Chase Elliott had it.

He was there, speeding to victory in the Coca-Cola 600, so far ahead that even his spotter had gone mostly silent. His crew prepared for celebration. After grinding through nearly six hours worth of racing at Charlotte Motor Speedway, Elliott was a single minute from winning.

And then it happened _ again.

For the second time in a four-day span, Elliott got blindsided by a racing incident that wasn't his fault. This time it actually came from a Hendrick Motorsports racing teammate. William Byron, far back in the field, cut a tire and spun out.

"That's got to be a joke!" Elliott said on his radio, along with a few unprintable things.

It wasn't a joke.

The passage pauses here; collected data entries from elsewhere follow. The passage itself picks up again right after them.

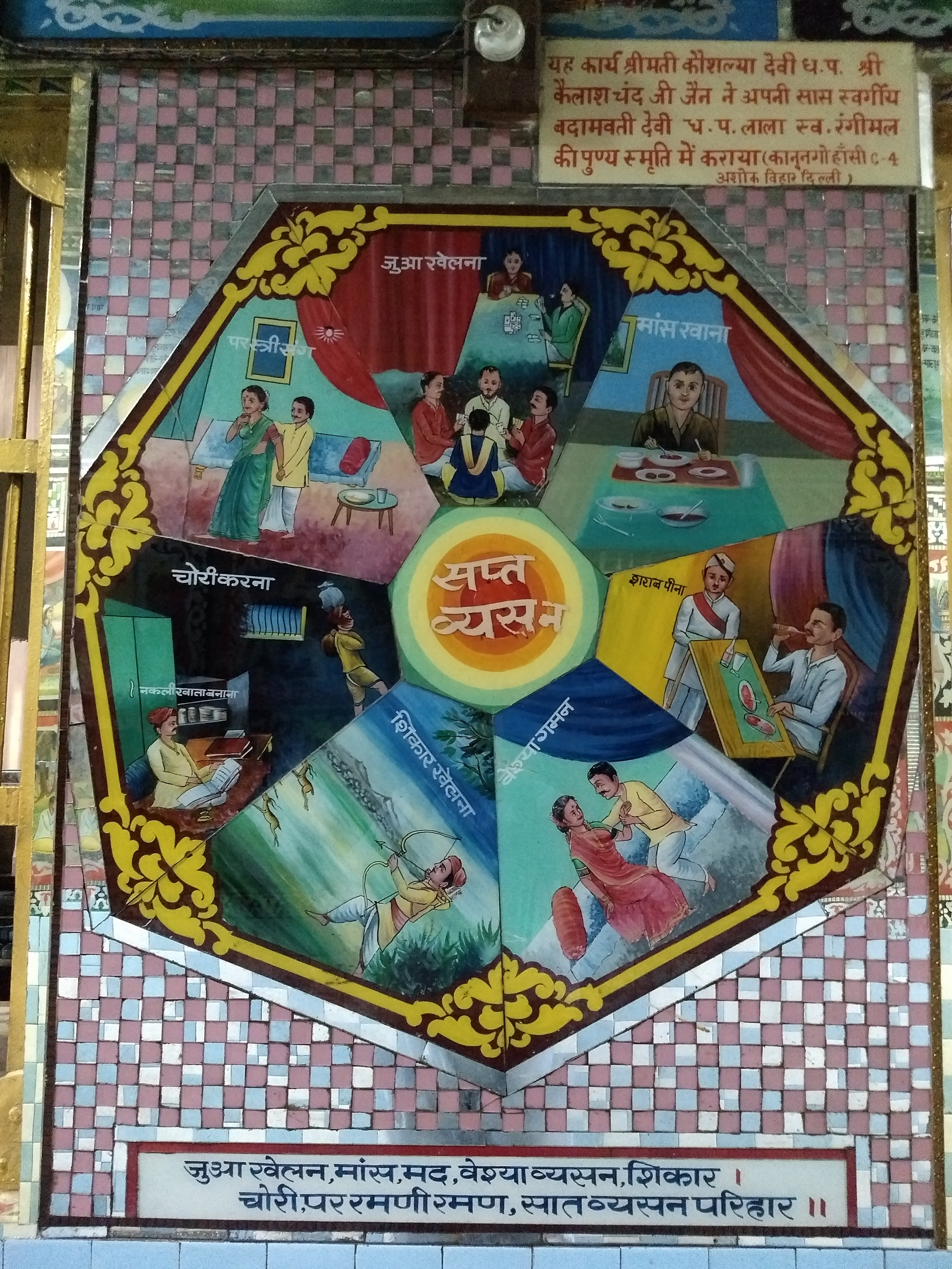 Tijara Jain temple paintings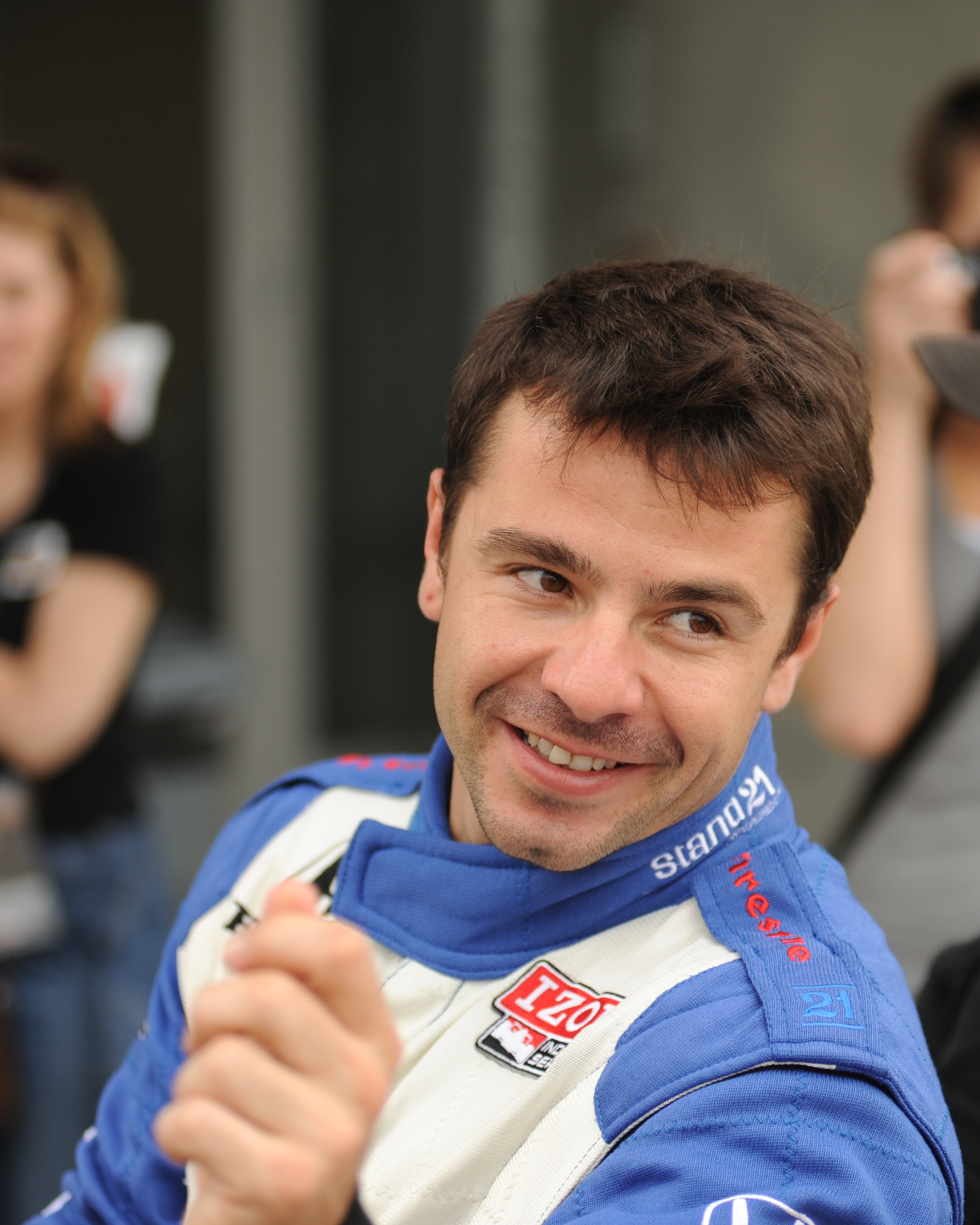 Oriol Servia at the Indianapolis Motor Speedway on the first day of qualifying for the 500.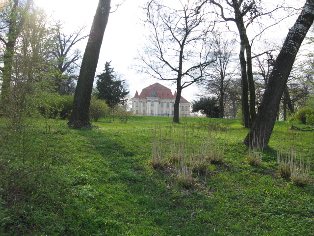 The castle in Leśnica, Wroclaw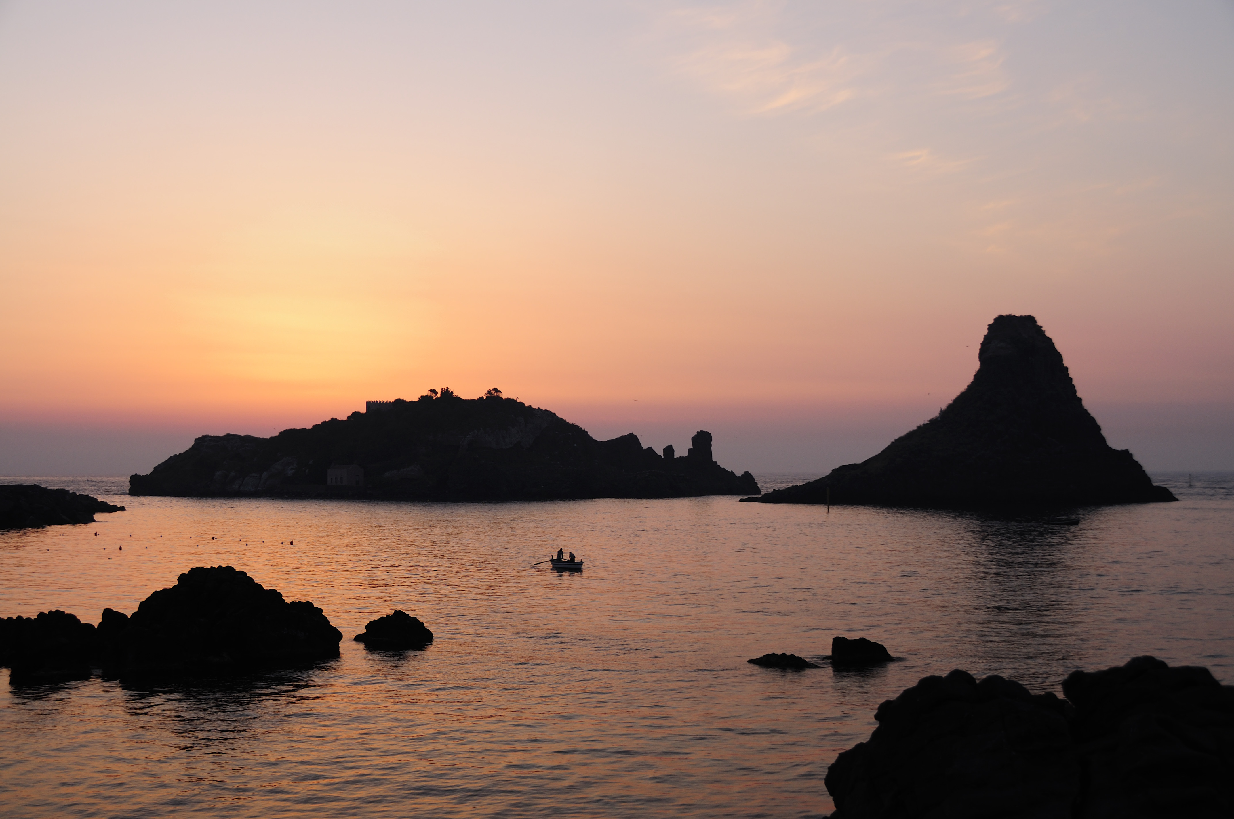 Sunrise over the Islands of the Cyclops, Acitrezza, Sicily, Italy

It meant that Elliott _ practically on cruise control until Byron's wreck brought out the final caution flag and bunched up the field again _ had to win the race at Charlotte Motor Speedway all over again.

And he couldn't.

Hamstrung by a questionable call by crew chief Alan Gustafson to pit for four tires following that last caution, Elliott didn't restart from the front and couldn't make up the difference in the two-lap overtime period.

Instead, Brad Keselowski won and Jimmie Johnson finished second (Johnson was later disqualified for failing his post-race inspection). Neither of them had pitted at the end. Elliott was left with a third-place finish and a bushel of what-might-have-beens. He was moved up to second after Johnson got DQ-ed. That was no real consolation, though. In racing, there is a yawning gap between first place and everything else.

"We were a lap-and-a-half away from winning the Coca-Cola 600," a downcast Elliott said later.

On Wednesday, Kyle Busch had wrecked Elliott in the final laps at Darlington Raceway. Elliott was contending for the lead when Busch made a nearly inexplicable mistake for a driver of his caliber and sideswiped Elliott.

The resulting spin knocked Elliott out of the race. He fired a public middle finger at Busch right after that. But neither flipping the bird nor Busch's immediate apology for his mistake did Elliott any good.

So Sunday night made two potential wins for Elliott in four days in the Carolinas, both of them swept away by the gods of racing misfortune.

It makes you wonder what the next NASCAR Cup race Wednesday night at Charlotte Motor Speedway will plague Elliott with _ locusts, perhaps? Millions of cicadas are emerging in North Carolina after spending the past 17 years underground. Who's going to be surprised if a few get into Elliott's engine?